Gênero: comédia romântica
Origem: Irlanda
Direção e roteiro: Elizabeth Gill
Com: Sean Campion, Flora Montgomery, Jean Butler, Fiona Gascott
Abusivamente romântico, “Todas as cores do amor” celebra a diversidade sexual. Quando se trata do amor, os seres humanos agem com se fossem peixinhos dourados, cuja memória dura apenas três segundos, depois de uma volta pelo aquário tudo é novidade. Cada vez que dois peixinhos se vêem, é como se fosse a primeira vez. Ou seja, a cada vez que nos apaixonamos, esquecemos todas as eventuais decepções do amor antigo e nos jogamos de cabeça na nova paixão.
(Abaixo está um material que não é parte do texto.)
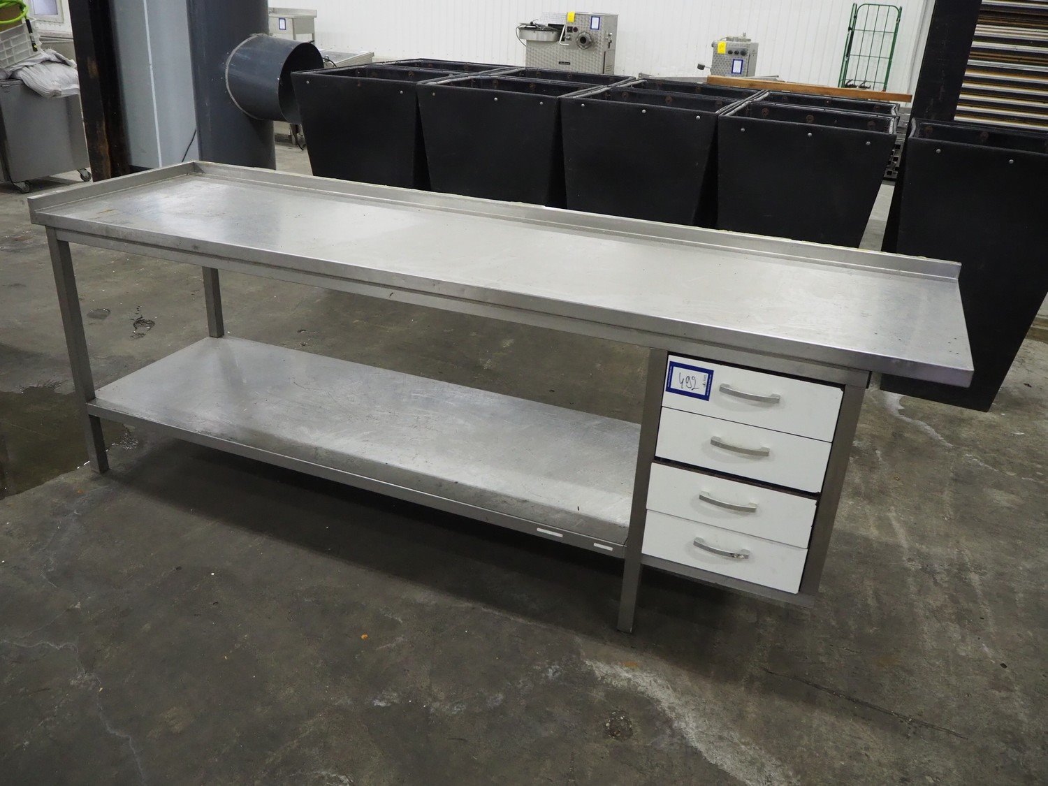 S/s kitchen counter, dimensions: 2500 mm x 700 mm x 940 mm.
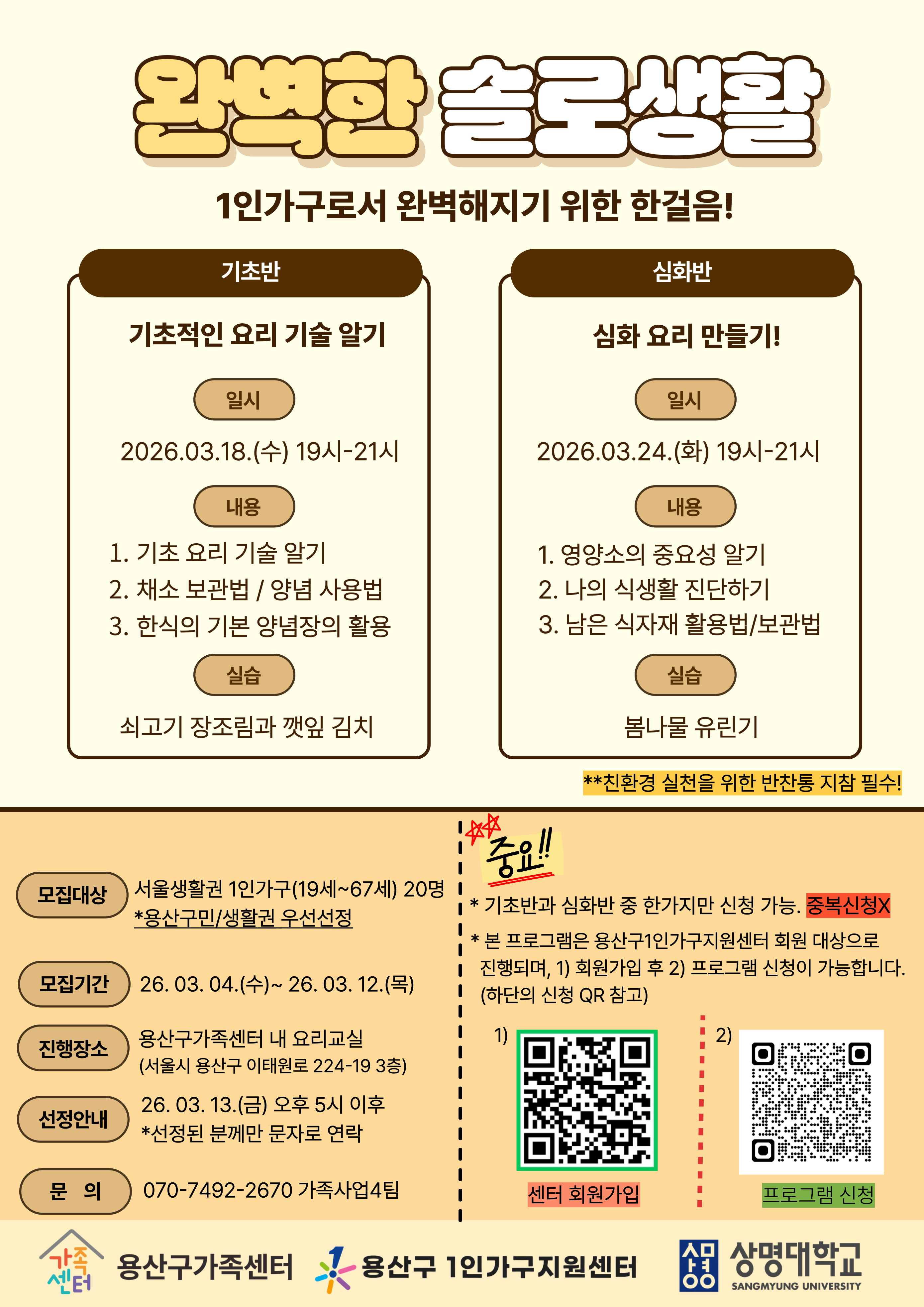 - 용산구[용산구] 3월 완벽한 솔로생활(기초반/심화반)
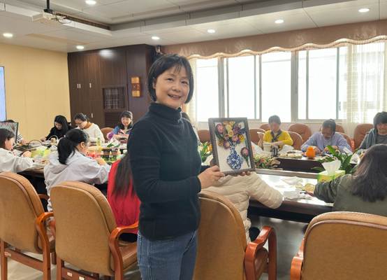 完成作品之后,现场转入温馨的茶话会环节。大家纷纷表示,这是一次充实而有意义的活动,不仅提升了大家的艺术修养和审美情趣,更增强了团队的凝聚力和向心力。相信图书馆的女职工们未来将以更加自信的姿态、更加饱满的精神,继续书写“柔肩担重任,芳华献书香”的美丽篇章。
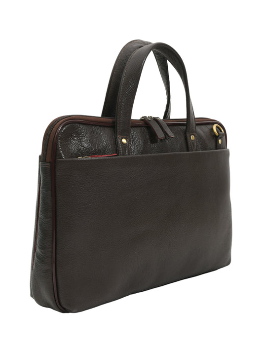 Unisex Genuine Leather Chocolate 16 Inch Laptop Bag (OMLB-027N-C-BROWN)

O filme escrito e dirigido por Liz Gill, que já foi assistente de Martin Scorsese, se desenvolve de forma semelhante ao famoso poema “Quadrilha”, de Carlos Drummond de Andrade – “João amava Teresa que amava Raimundo que amava...”. Mas os relacionamentos aqui, contemporâneos, também envolvem casos homossexuais. Um ciclo de romances se inicia dentro de um grupo de pessoas que freqüentam o mesmo café em Dublin, na Irlanda. O ponto de partida da “quadrilha” irlandesa é Tom, um professor quarentão que insiste em namorar moças jovens, para as quais sempre conta a história dos peixinhos e lê o mesmo poema alemão. Ele namora Clara, mas também se interessa por Isolde. Clara descobre e se envolve com a lésbica Angie, melhor amiga do gay Red, que por sua vez se apaixona e é correspondido pelo barman David, namorado de Rosie. A rede de relações aumenta um pouco mais e todos os personagens acabam tendo um certo tipo de contato com os demais – alguns até transitam pelas opções sexuais, mudando e retomando sua posição. Alguns querem se casar, outros querem apenas ter um caso sem compromissos. Uns traem seus parceiros e outros descobrem mais sobre sua própria sexualidade. Mas o desejo é sempre o mesmo: achar a felicidade e a única coisa em que todos concordam é que não dá para viver sem amor. E tudo ao som de muita bossa nova com composições de Tom Jobim e cantadas em português carregado de sotaque.